WHAT IS NEEDED: With the pictures left out, write out exactly the lines of the listing below that run from the line with "招聘:肉鸽灌喂工,要求,女,干活麻利,有" through the line with "학생상담센터에서는 다음과 같이".

DATA TO USE Start Marker

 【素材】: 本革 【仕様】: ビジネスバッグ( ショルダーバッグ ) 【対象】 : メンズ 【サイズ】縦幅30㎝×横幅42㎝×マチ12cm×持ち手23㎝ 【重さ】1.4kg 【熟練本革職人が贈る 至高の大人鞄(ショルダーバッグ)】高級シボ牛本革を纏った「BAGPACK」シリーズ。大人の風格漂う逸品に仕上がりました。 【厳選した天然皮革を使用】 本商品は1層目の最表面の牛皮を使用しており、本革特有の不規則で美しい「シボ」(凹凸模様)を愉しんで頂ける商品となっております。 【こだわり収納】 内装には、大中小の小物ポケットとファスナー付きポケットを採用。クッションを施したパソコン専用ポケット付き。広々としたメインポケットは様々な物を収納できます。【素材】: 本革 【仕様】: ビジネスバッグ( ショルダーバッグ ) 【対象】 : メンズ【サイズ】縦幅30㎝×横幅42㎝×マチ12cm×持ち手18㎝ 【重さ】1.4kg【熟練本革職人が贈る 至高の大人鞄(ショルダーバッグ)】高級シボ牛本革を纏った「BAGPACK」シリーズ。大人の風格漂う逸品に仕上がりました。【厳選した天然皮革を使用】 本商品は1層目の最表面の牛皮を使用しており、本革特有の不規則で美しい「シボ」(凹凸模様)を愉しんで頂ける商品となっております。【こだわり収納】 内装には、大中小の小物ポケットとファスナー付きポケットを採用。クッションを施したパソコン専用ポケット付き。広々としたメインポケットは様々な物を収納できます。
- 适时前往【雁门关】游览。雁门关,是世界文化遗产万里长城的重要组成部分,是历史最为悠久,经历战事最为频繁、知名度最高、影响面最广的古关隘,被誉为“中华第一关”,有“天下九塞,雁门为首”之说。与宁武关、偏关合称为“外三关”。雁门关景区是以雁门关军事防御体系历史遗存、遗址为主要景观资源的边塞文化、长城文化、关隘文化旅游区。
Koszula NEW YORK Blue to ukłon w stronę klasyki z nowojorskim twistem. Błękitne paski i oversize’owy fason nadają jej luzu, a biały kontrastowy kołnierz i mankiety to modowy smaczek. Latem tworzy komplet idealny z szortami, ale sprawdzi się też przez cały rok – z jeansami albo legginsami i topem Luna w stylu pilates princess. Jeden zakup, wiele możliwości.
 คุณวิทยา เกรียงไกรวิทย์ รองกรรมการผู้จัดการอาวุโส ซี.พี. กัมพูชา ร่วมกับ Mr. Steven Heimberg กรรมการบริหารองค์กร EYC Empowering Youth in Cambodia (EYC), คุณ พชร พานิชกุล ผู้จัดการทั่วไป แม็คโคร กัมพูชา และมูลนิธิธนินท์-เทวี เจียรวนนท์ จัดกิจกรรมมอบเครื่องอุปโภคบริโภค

DATA TO USE End Marker
DATA TO USE Start Marker

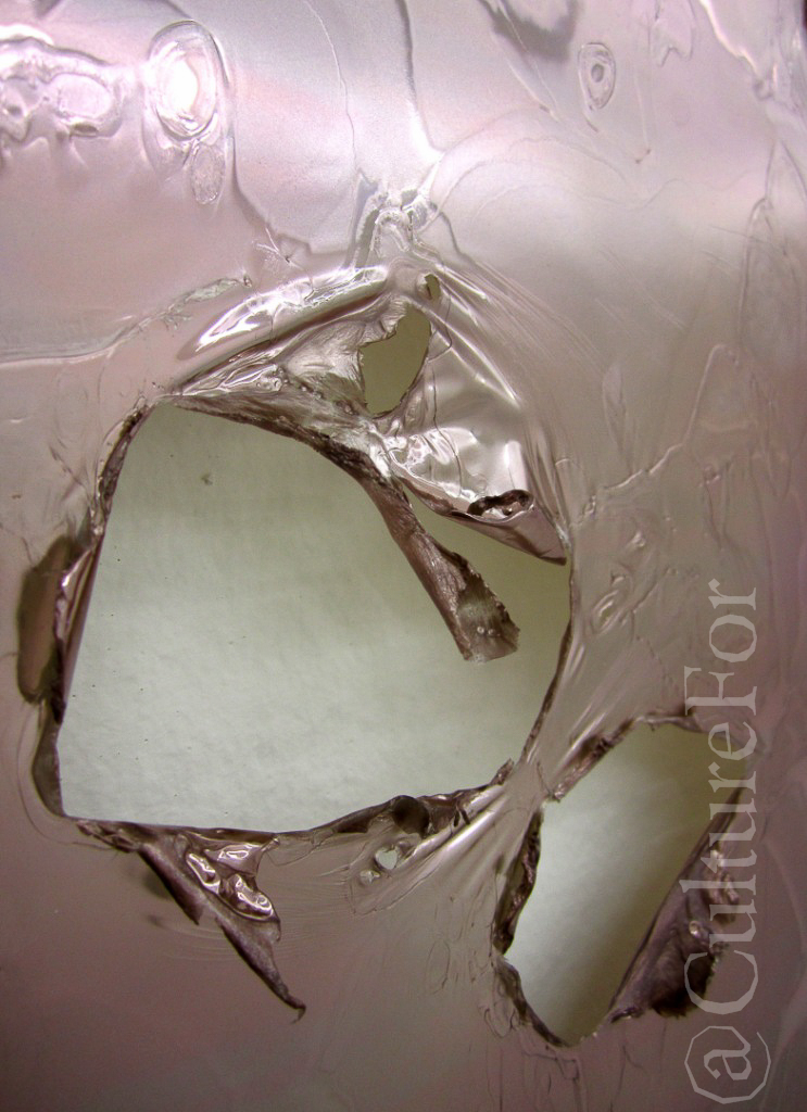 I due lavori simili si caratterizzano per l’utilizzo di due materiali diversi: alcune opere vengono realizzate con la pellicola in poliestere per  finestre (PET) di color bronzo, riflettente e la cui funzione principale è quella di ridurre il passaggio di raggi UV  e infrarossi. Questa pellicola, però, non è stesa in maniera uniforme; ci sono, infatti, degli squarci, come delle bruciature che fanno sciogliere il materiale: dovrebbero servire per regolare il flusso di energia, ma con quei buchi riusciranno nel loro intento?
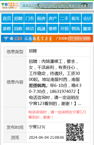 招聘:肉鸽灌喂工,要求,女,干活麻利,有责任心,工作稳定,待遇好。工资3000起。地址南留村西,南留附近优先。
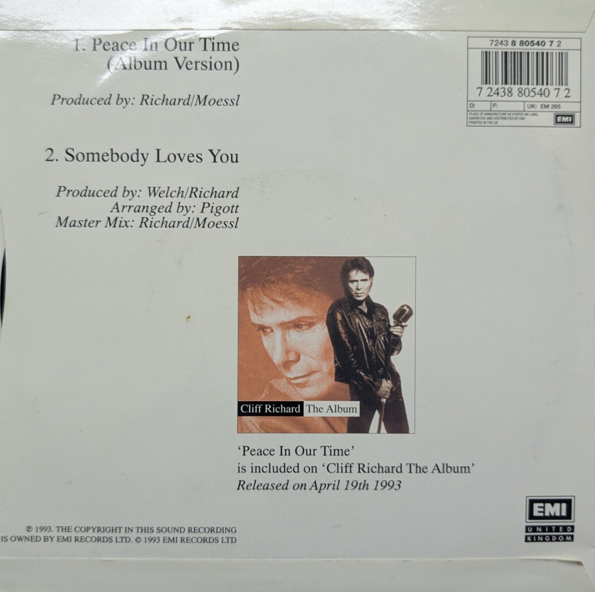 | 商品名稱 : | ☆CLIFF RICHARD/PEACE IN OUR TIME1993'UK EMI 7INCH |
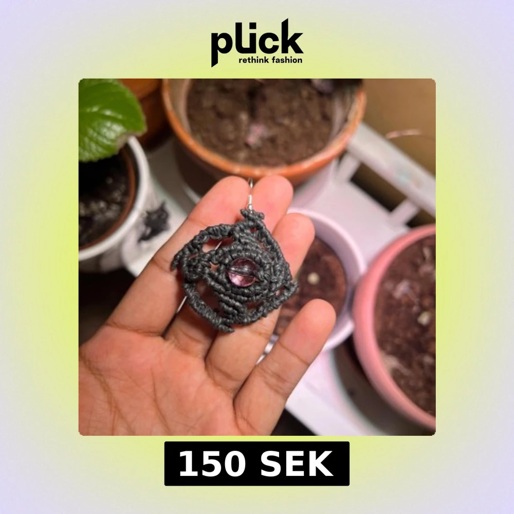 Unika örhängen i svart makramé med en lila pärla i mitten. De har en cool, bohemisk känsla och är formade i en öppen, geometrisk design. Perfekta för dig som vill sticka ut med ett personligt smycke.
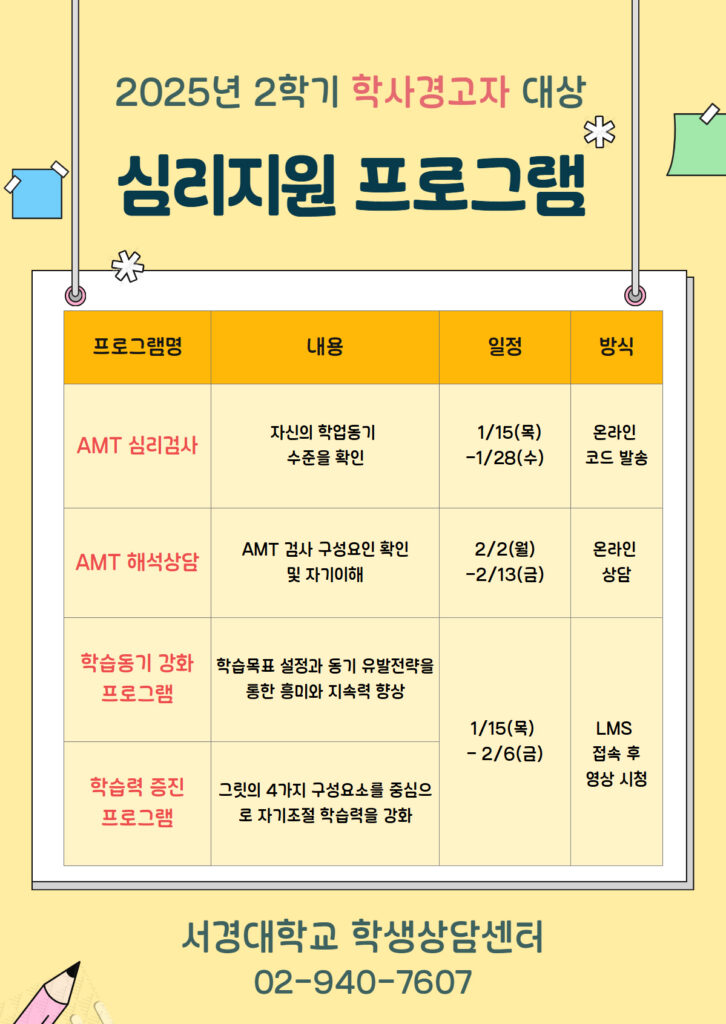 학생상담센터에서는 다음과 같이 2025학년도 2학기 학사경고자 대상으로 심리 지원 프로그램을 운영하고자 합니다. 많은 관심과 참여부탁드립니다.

DATA TO USE End Marker

EXERCISE OUTPUT:
 招聘:肉鸽灌喂工,要求,女,干活麻利,有责任心,工作稳定,待遇好。工资3000起。地址南留村西,南留附近优先。
 | 商品名稱 : | ☆CLIFF RICHARD/PEACE IN OUR TIME1993'UK EMI 7INCH |
 Unika örhängen i svart makramé med en lila pärla i mitten. De har en cool, bohemisk känsla och är formade i en öppen, geometrisk design. Perfekta för dig som vill sticka ut med ett personligt smycke.
 학생상담센터에서는 다음과 같이 2025학년도 2학기 학사경고자 대상으로 심리 지원 프로그램을 운영하고자 합니다. 많은 관심과 참여부탁드립니다.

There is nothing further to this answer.